Saturday, April 6, 2013

Technology & Revolution: The Crowd Salon



- What have you been doing?
- Reading Chesterton.
- Any particular reason?
- I had the idea that, writing a hundred years ago, he understood our times better than anyone. Here, take a look at this:
....that attitude of mind which makes revolution possible and which makes religion possible, an attitude of primary and dogmatic assertion. To be a revolutionist it is first necessary to be a revelationist. It is necessary to believe in the sufficiency of some theory of the universe or the State.
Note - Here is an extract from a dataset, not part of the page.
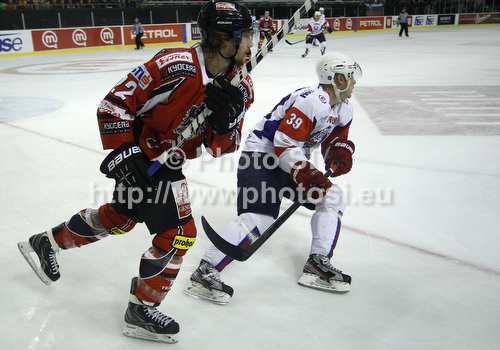 : Andreas Wiedergut (no.22) of Austria (L) and Jan Mursak (no.39) of Slovenia (R) during match of EIHC Ice hockey tournament between Slovenia and Austria. Match between Slovenia and Austria was held in Ljubljana Hala Tivoli arena, Slovenia, on Saturday, 10th of November 2012.

But in countries that have come under the influence of what is called the evolutionary idea, there has been no dramatic righting of wrongs, and (unless the evolutionary idea loses its hold) there never will be. These countries have no revolution, they have to put up with an inferior and largely fictitious thing which they call progress.
- Because people rely on technological progress they never can be revolutionaries. Interesting. I never heard that argument before. Do you agree?
- Yes. Progress lets us go further in the direction we are already going, diverts attention away from the question what direction we should be going.
- Therefore no revolution.
- Chesterton says the idea of progress leads to collapse. With no one looking to see where we are going we crash, economically, politically, socially.
- What do you think?
- We've been down this road before.
- Remind me what you said.
- I said people have to have convictions in their private lives, and compromise in public life.
- Do you mean technology is a compromise like political compromise?
- Something to consider: is it the same mistake to expect anything good to come from perfecting our political arrangements as to expect something good to develop from technology?
- You've answered that question. You said there must be a technology of good. Technology that did not progress on its own terms, improve efficiency, but made life better. You told Google to use their search engine not to help people communicate with each other but do things with each other*.
- They are making communication more efficient, but not making life better.
- Well, you've only communicated that idea, you didn't do anything about it. At least you should tell us exactly how we can get this technology of good rolling.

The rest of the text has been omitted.